◆ **Given data**
--- --- ---

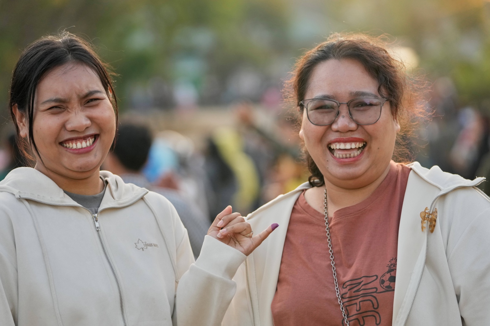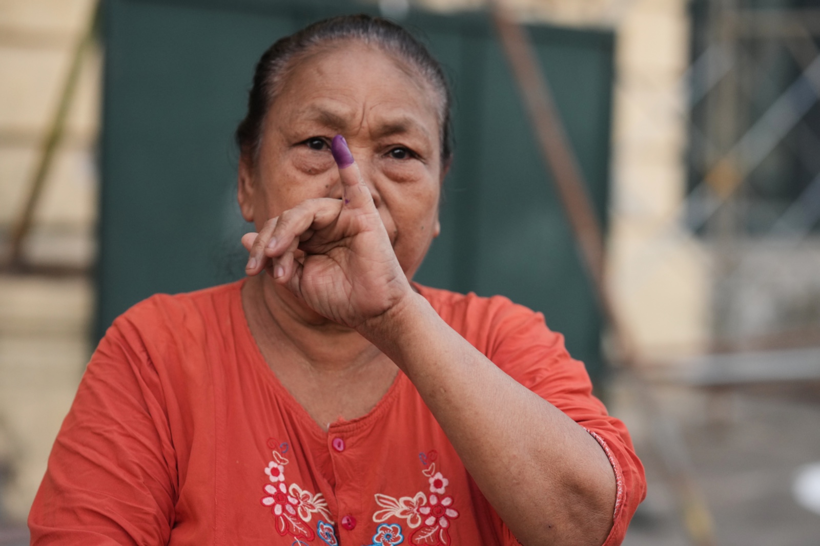 2025年12月28日,緬甸舉行5年來首次大選的第一階段投票,投完票民眾秀出沾過墨汁的小指。美聯社
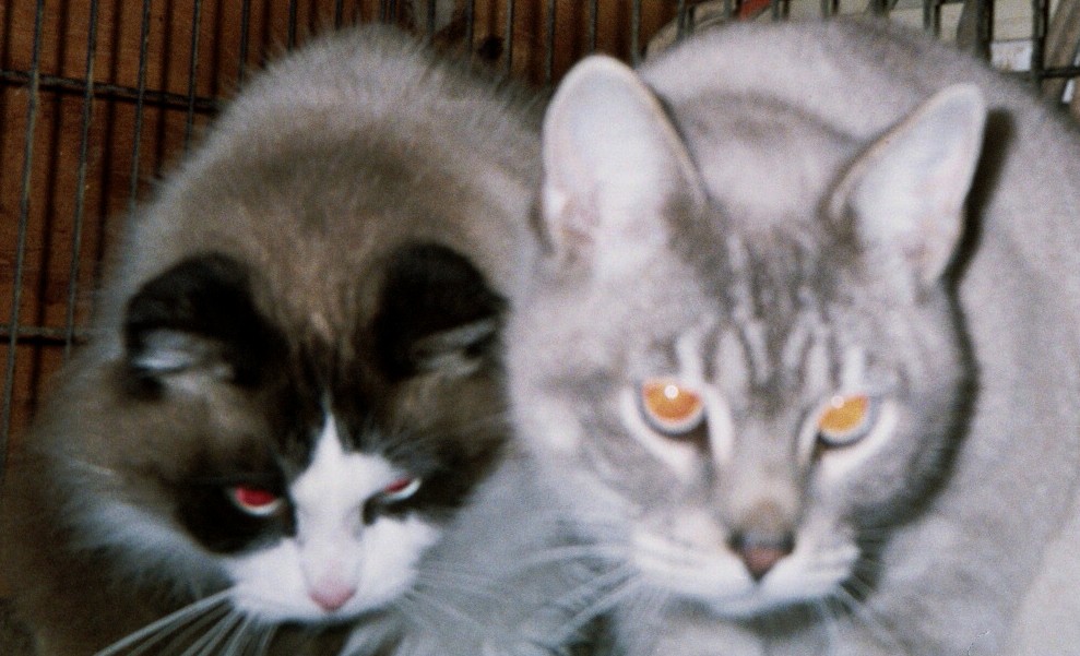 on the left and Sinclair, somewhat Siamese, on the right. Sadly both of these boys have now gone to the Rainbow Bridge. Jack
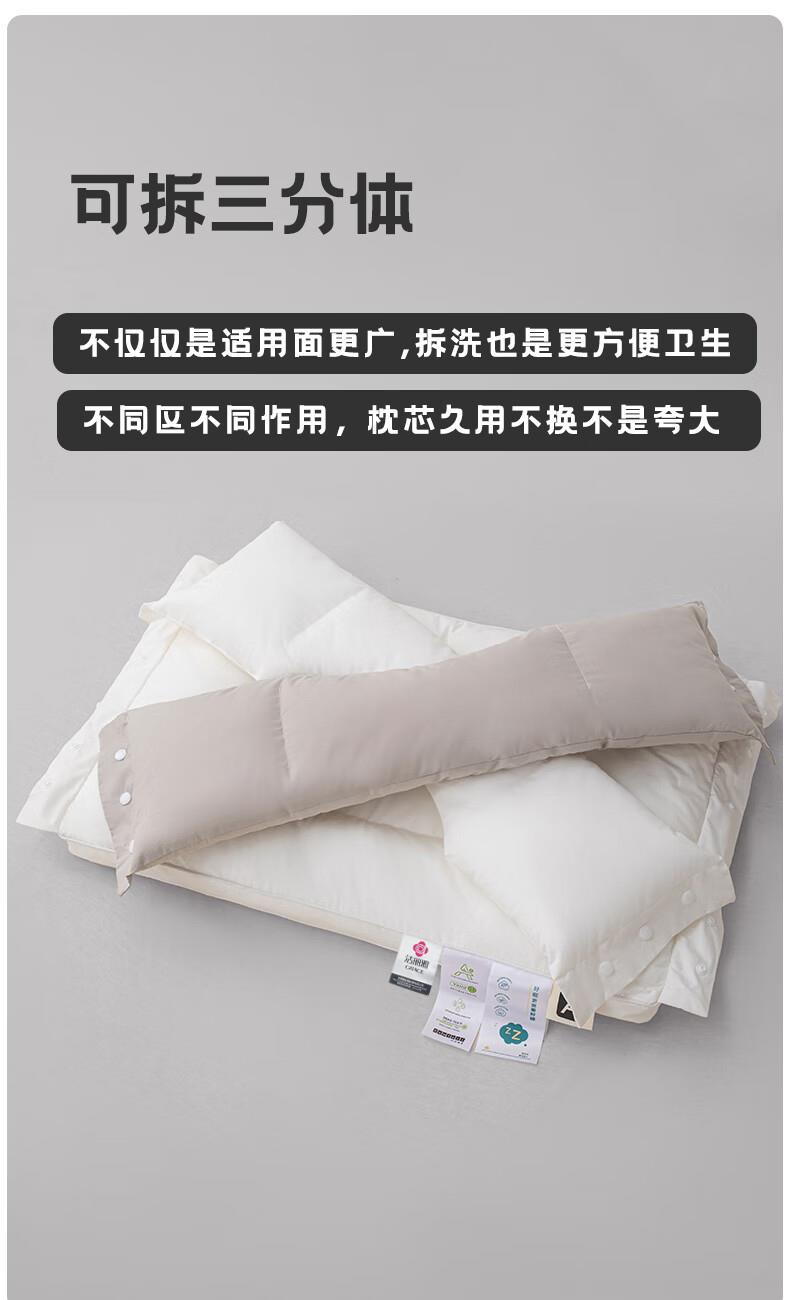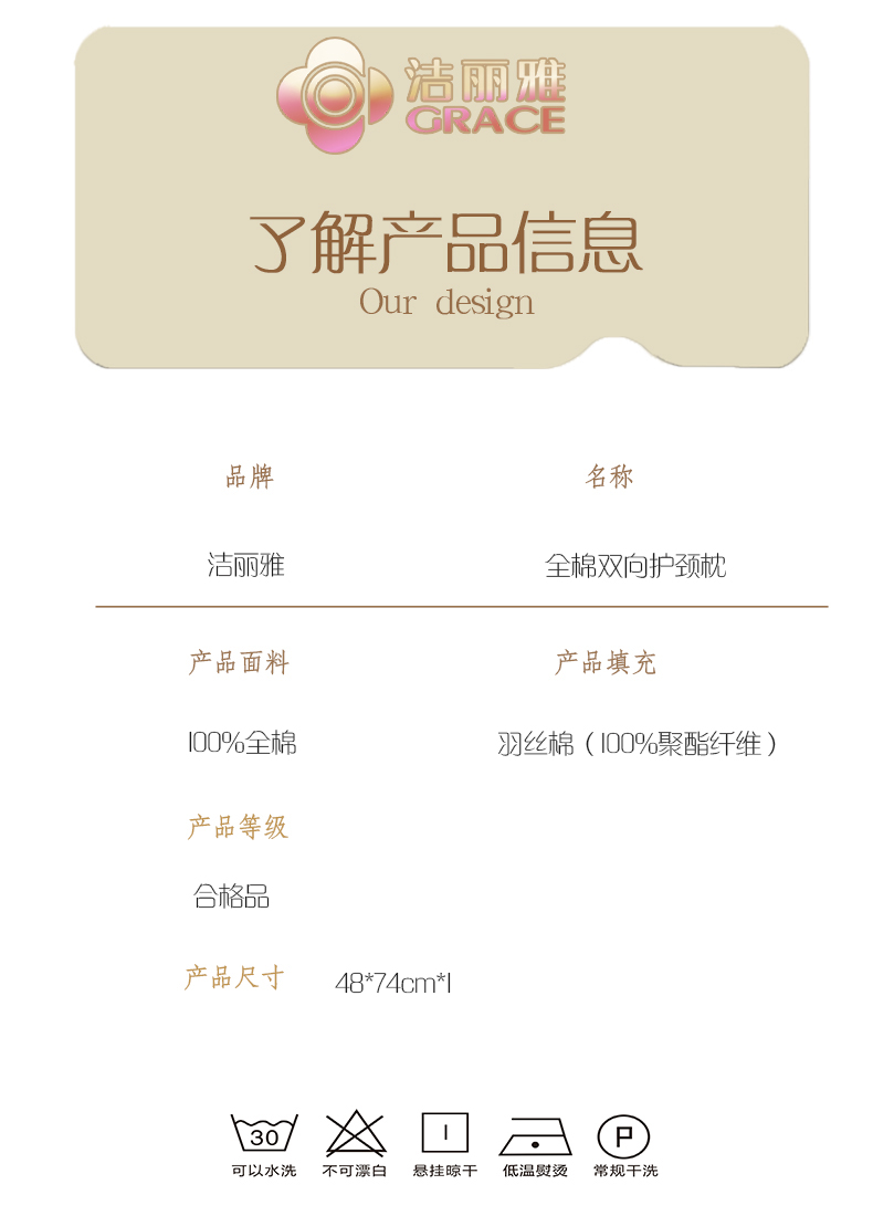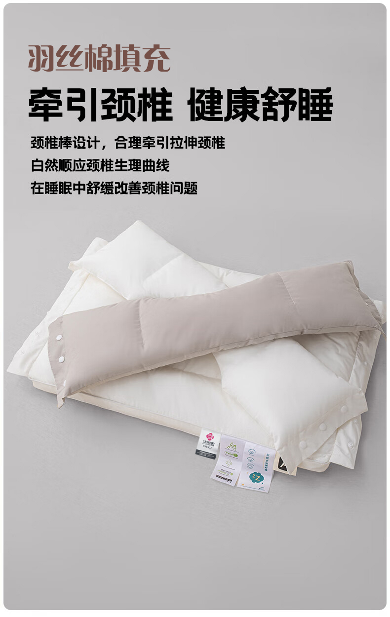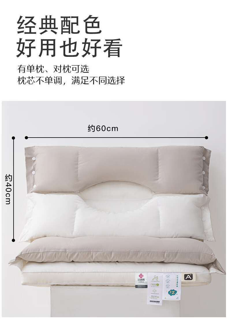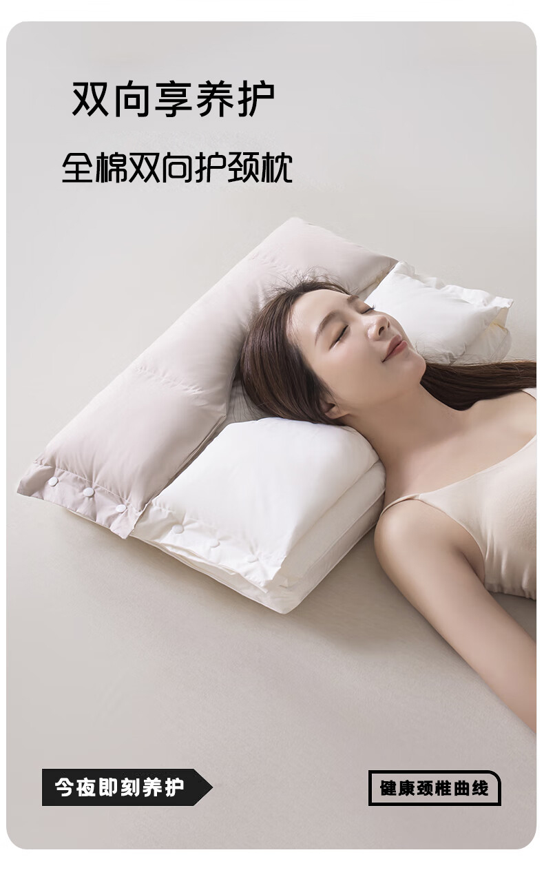 规格:48*74cm 面料:全棉 填充:羽丝棉 执行标准:GB/T22796-2021 安全类别:GB18401-2010 A类 1.柔软舒适,精选优质全棉面料,良好的呵护颈椎,舒适的睡眠时光。面料透气网眼,夏天不闷热,稀释透气。惊喜绗缝,优质绗缝工艺,不抛料,品质保障。 2.枕头高弹力,贴合人体脊椎生长曲度,仰睡侧睡都可以,给您更好的承托力。

--- --- ---

◆ **Exercise requirements**
Repeat the data exactly, excluding the pictures.

◆ **Solved problem**
 2025年12月28日,緬甸舉行5年來首次大選的第一階段投票,投完票民眾秀出沾過墨汁的小指。美聯社
 on the left and Sinclair, somewhat Siamese, on the right. Sadly both of these boys have now gone to the Rainbow Bridge. Jack
 规格:48*74cm 面料:全棉 填充:羽丝棉 执行标准:GB/T22796-2021 安全类别:GB18401-2010 A类 1.柔软舒适,精选优质全棉面料,良好的呵护颈椎,舒适的睡眠时光。面料透气网眼,夏天不闷热,稀释透气。惊喜绗缝,优质绗缝工艺,不抛料,品质保障。 2.枕头高弹力,贴合人体脊椎生长曲度,仰睡侧睡都可以,给您更好的承托力。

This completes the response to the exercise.